03-10-2011 07:52 AM
We had an incident where some work around a SAN switch resulted in a connector to one of the ports being loosely connected.
Fortunately, we saw the problem through messages from the affected server in our centralized syslog. But syslog messages are easy to miss. We would like to be able to detect a similar situation in another way, such that it can show up in one of your alarming tools (Nagios, preferably).
So I performed an SNMP-walk in the SW-MIB::swFCPortEntry branch of one of our Brocade 5100 FC-switches. Then I partly pulled a connector from a port; according to the LEDs on the switch, the connector was still connected, but the involved server's syslog became full of complaints. I subsequently performed a number of SNMP-walks with various intervals. Finally, I looked at the various counters.
What I saw: Right after the incident, the value for SW-MIB::swFCPortRxBadOs rose sharply, but then it leveled out, even though the connector was still loosely connected (and the server was still complaining).

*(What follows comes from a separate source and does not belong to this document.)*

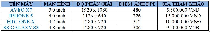 Bảng so sánh với các dòng máy khác trong thời điểm Aveo X7 mới ra mắt :
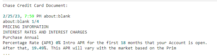 Finally, save the sample Chase credit card agreement to the local location data/chase_card_agreement.pdf. (This location is relative to the directory from which you will run your script or from which you started Jupyter.) This is a standard anonymous agreement that does not contain any personally identifiable information.

In the Port Administration web/java tool, I saw that the port's speed was now "N2"; I believe it was N4 before the change. But as some of our connectors may very well communicate at N2 speed in the normal situation, this cannot be used to detect loose connectors.
I also looked at counters in the FIBRE-CHANNEL-FE-MIB::fcFeMIB part of the SNMP tree, but found no useful counters there: No counter seemed to be able to provide a snapshot of current loose connectors.
Is there something I'm overlooking? Is there a way for us to discover when there is a loose connector in one of our Brocade switches?
Troels Arvin, Copenhagen
03-10-2011 09:02 AM
I think it would be difficult to do as no mechanism is in place which measures or triggers if a connector is not seated properly.
But if you really want this, you're best bet would be to monitor link -losses -failures etc., from the SW-MIB:swEndDevice tree in combination with errors (order discard bados portspeed etc) from the SW-MIB:swFCPort tree.
On other option is too set portspeed fixed to max speed the FCHBA supports. Your 4G port for example wouldn't step down in speed but would lose sync (which can be measured). I'm not sure if that works for 2G port as a lose connector from your example was happy at 2G.